*TASK DIRECTIONS*. From the line with "Short sleeve bodysuit" through the line with "The amount of", inclusive, return each line of the data below exactly and leave the rest out.

*RECORDS FOR THIS EXERCISE*.
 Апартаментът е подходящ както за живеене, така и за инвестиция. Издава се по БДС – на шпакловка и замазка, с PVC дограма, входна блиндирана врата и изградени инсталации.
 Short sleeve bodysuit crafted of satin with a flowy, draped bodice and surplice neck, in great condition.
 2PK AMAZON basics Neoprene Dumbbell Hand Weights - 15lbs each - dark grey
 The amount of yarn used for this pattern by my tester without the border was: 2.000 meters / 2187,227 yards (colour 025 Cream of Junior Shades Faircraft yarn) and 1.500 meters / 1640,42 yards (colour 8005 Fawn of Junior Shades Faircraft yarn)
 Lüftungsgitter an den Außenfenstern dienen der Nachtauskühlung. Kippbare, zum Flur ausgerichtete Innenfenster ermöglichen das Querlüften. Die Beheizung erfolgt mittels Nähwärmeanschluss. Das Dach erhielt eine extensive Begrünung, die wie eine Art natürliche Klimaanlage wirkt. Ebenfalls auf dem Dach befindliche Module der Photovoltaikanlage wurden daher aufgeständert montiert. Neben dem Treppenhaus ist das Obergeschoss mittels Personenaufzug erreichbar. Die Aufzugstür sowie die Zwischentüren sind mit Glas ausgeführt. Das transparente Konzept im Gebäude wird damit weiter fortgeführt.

==

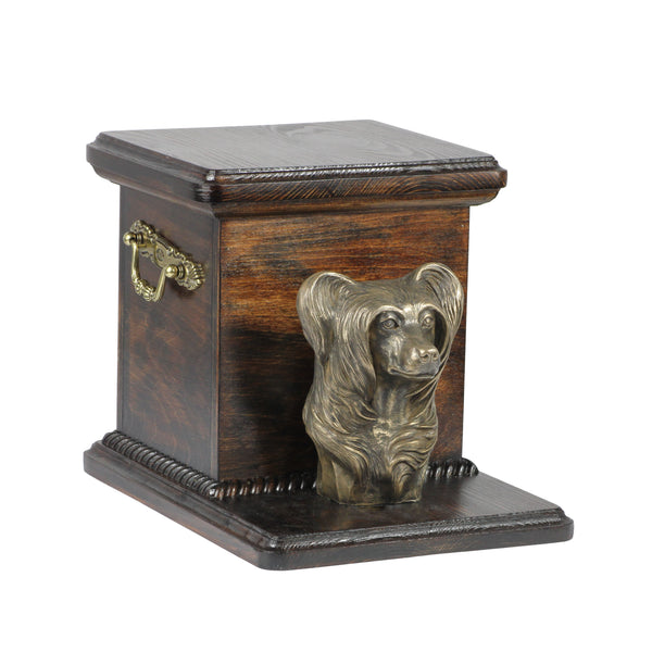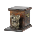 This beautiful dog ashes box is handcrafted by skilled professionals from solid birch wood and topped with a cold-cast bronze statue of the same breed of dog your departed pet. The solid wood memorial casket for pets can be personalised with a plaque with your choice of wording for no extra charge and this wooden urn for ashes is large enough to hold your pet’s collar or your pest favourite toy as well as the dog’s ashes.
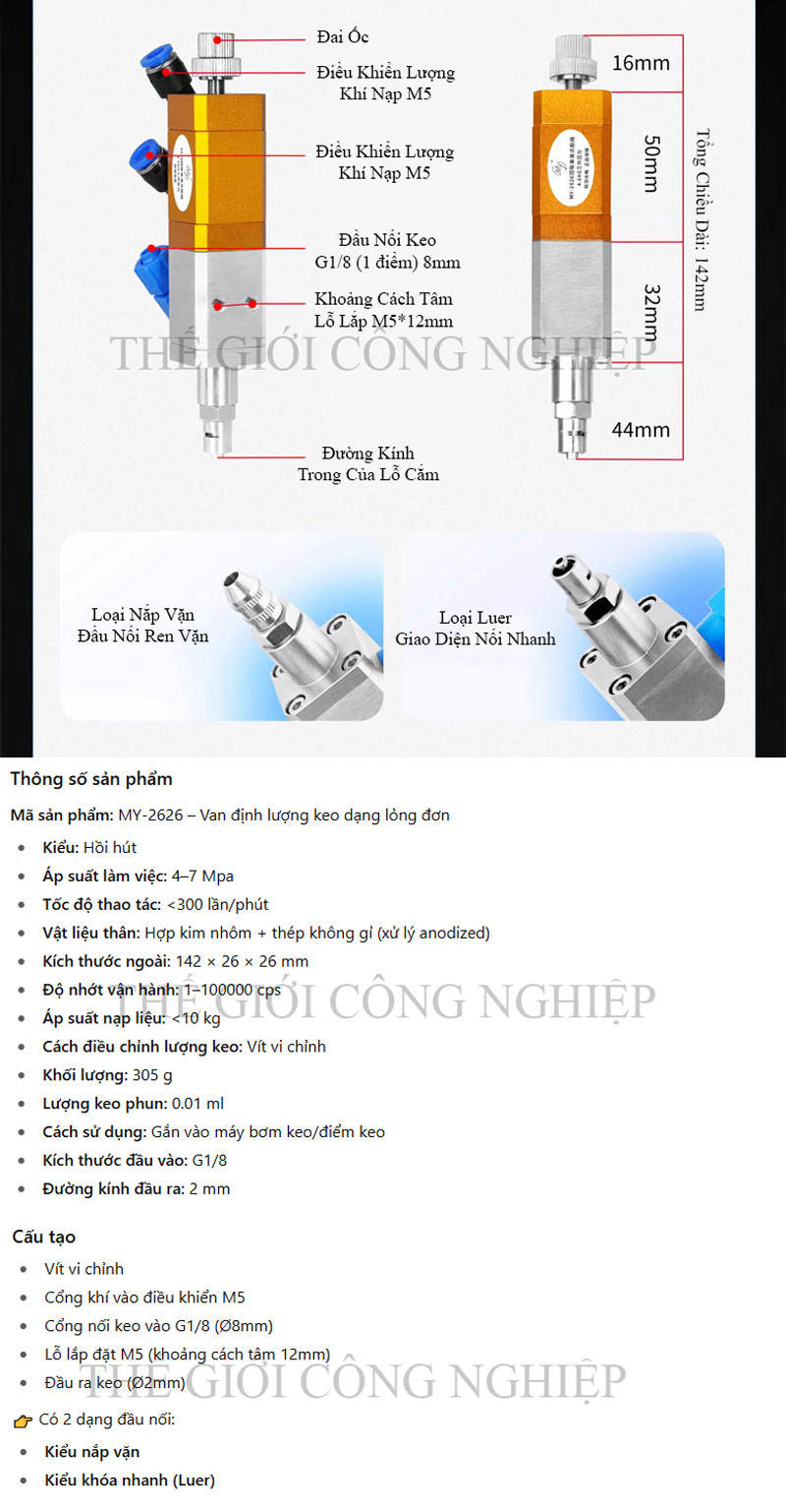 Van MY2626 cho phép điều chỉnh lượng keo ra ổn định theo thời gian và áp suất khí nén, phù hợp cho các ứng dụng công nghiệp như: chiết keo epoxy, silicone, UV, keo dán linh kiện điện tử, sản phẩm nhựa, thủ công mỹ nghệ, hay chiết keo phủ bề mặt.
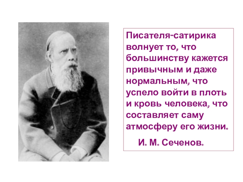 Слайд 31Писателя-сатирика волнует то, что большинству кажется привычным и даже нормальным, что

*OUTPUT OF THE EXERCISE*.
 Short sleeve bodysuit crafted of satin with a flowy, draped bodice and surplice neck, in great condition.
 2PK AMAZON basics Neoprene Dumbbell Hand Weights - 15lbs each - dark grey
 The amount of yarn used for this pattern by my tester without the border was: 2.000 meters / 2187,227 yards (colour 025 Cream of Junior Shades Faircraft yarn) and 1.500 meters / 1640,42 yards (colour 8005 Fawn of Junior Shades Faircraft yarn)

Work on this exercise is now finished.